Given an $m \times n$ 2D grid of characters and word as a string, we need to determine if the word can be constructed from letters of sequentially adjacent cells. The cells are considered sequentially adjacent when they are neighbors to each other either horizontally or vertically. The function should return TRUE if the word can be constructed and FALSE otherwise.

Constraints:

• m $=$ board.length
• n $=$ board[i].length, where $0 \leq$ i $<$ m
• $1 \leq$ m, n $\leq 6$
• $1 \leq$ word.length $\leq 15$
• board and word consist of only lowercase or uppercase English letters.
• The search is not case-sensitive.

Pattern: Backtracking#

In order to search for a word in a 2-D grid, we need to traverse all the elements of the grid.
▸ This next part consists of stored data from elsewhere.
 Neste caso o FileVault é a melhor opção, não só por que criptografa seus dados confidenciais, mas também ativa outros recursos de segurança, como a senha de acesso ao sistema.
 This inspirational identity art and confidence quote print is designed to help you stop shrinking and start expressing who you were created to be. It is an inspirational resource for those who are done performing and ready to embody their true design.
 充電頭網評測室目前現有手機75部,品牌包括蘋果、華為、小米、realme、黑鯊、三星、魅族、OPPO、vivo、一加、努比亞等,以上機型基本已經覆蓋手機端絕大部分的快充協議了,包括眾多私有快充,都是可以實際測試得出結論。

The sequence of letters that combine to make a word can be found starting from any index in the grid. Therefore, we need to find that word in all possible directions, starting from a particular index. However, what would we do if we learned that the current path would not lead to the solution?
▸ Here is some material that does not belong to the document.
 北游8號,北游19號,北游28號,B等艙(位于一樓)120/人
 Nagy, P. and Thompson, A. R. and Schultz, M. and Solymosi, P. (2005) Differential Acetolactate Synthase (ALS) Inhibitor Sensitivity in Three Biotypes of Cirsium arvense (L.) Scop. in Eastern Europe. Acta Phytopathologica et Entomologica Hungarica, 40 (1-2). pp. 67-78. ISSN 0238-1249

The answer to the problem above lies in backtracking. We can move backward from the current index and resume the search for the required word along one of the other possible paths.

Solution#

This problem can be solved efficiently by implementing the backtracking technique. This will help us traverse all the possibilities to find the specific word without using the extra space needed to keep track of the visited or non-visited status of the cells.
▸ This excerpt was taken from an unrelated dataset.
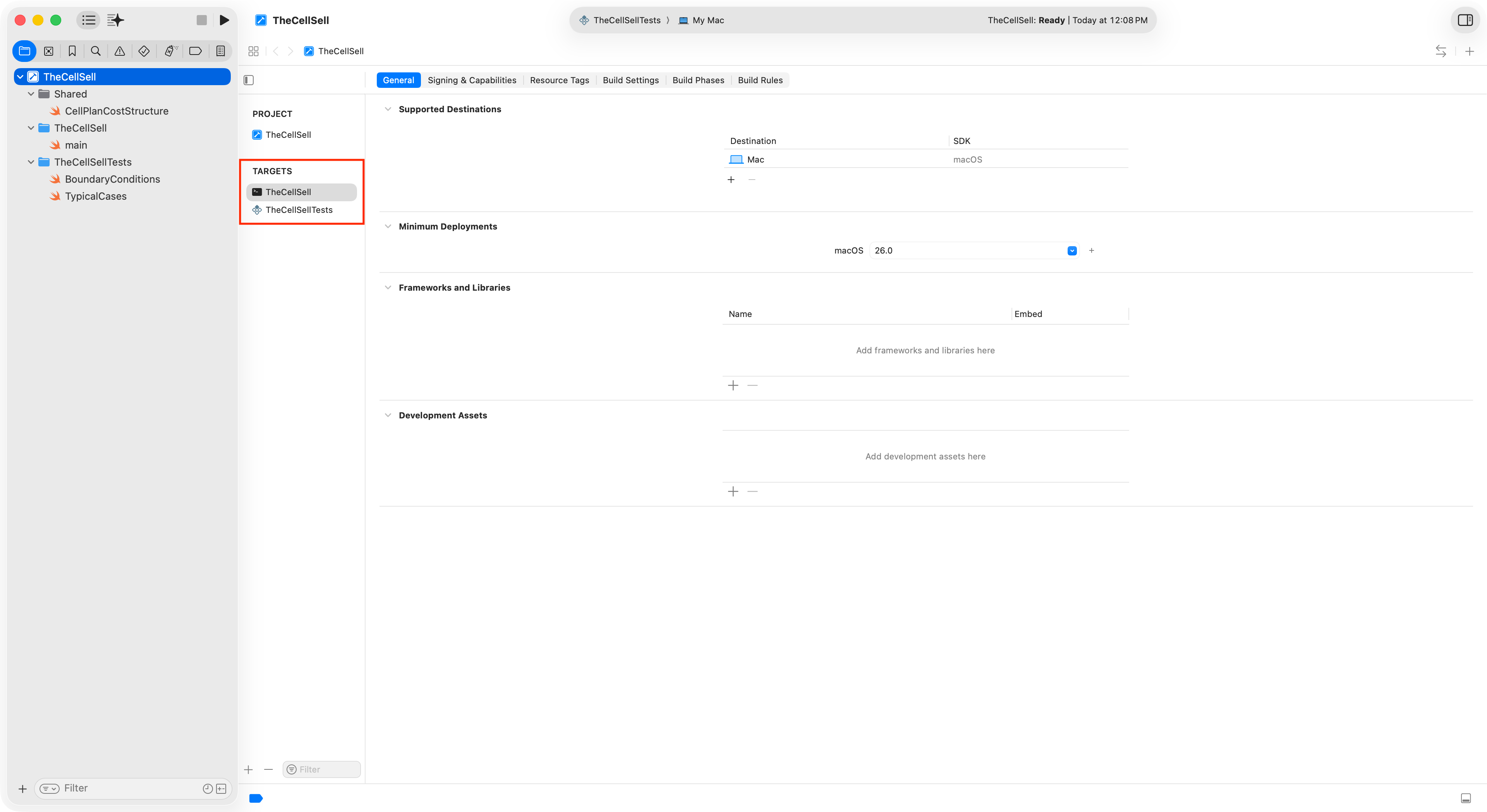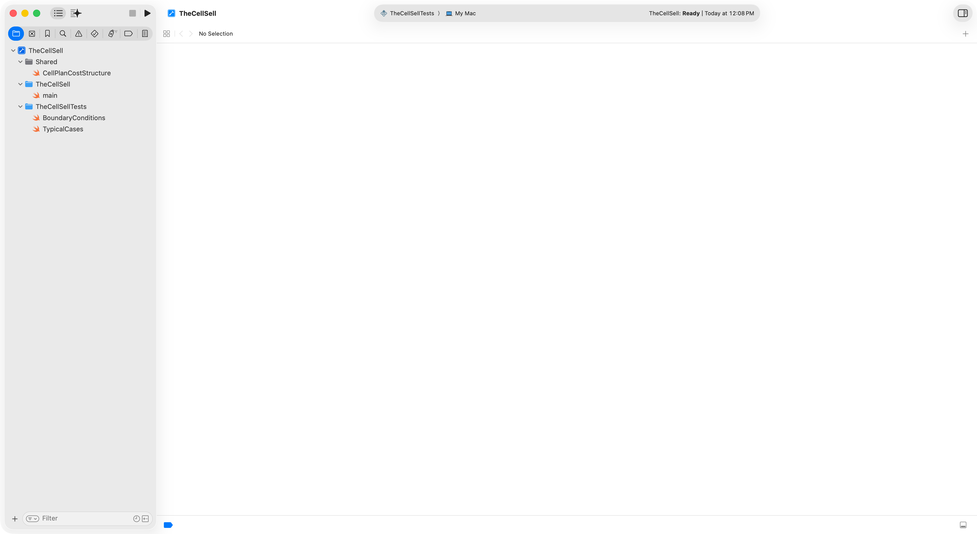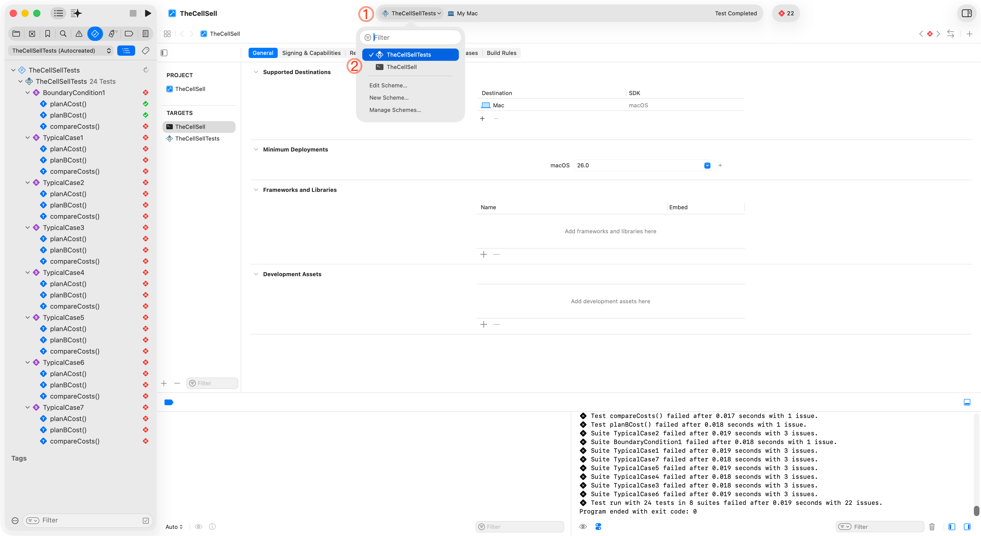Be selecting TheCellSellTests scheme, following this two-step click process, then pressing Command-U, you can run all of the defined unit tests:

Note: In the following section, we’ll gradually build the solution. Alternatively, you can skip straight to just the code.

Step-by-step solution construction#

For each cell on the 2D grid, we have four paths we can take next. If the chosen path is incorrect, we’ll backtrack and choose a different path until the word is found or all possibilities are exhausted. We can implement the DFS algorithm using a recursive function.

Note: Although the DFS algorithm is classically implemented on a tree or graph data structure, it may also be applied wherever the concept of connectedness is found in a data structure. In the 2D array provided as input, we see that each character located at cell {$i, j$} is connected to its four potential neighbors, each addressable as cells {$i+1, j$} (the character below), {$i-1, j$} (the character above), {$i, j+1$} (the character to the right), and {$i, j-1$} (the character to the left). In graph terminology, we can say that each cell in the input grid has a minimum of two and a maximum of four edges.

We’ll apply a depth-first search for each cell of the grid. We’ll check for the base case in the depth_first_search function. The base case occurs when we have matched all characters in the word individually, indicating that we have found the whole word in the grid. If this is the case, we have no more letters to explore in the word, so the length of the word becomes $0$. Therefore, we return TRUE.

After the base case, we need to check if the current cell is a valid candidate for the next character of the word. In line 20, we do this by checking if the row and column indices are within the bounds of the grid. In line 21, we check if the character in the cell matches the next character in the word. If any of these conditions are not satisfied, we cannot proceed with the current cell, and we return FALSE to backtrack and explore other paths.

After ensuring that the current cell is not out of bounds and contains the next character of the word, we mark the cell as visited by setting it to $*$. Then, we iterate over the four possible choices (up, down, right, left) and call the depth_first_search function recursively with the updated row and column indices and the remaining portion of the word.

For each possible choice, we check if the recursive call to depth_first_search returns TRUE. If the call returns TRUE, indicating that we have found the whole word, we return TRUE. If not, we will continue the loop and try the next possible choice. If none of the choices lead to finding the whole word, we will return FALSE.

When the function has finished exploring all possible paths from the current cell and returns FALSE, we’ll revert the cell’s original value to unmark it and allow it to be visited in other paths. This is important because, if we don’t reset the cell’s value, it would still be marked as visited, and the search would be incomplete or miss out on other possible paths.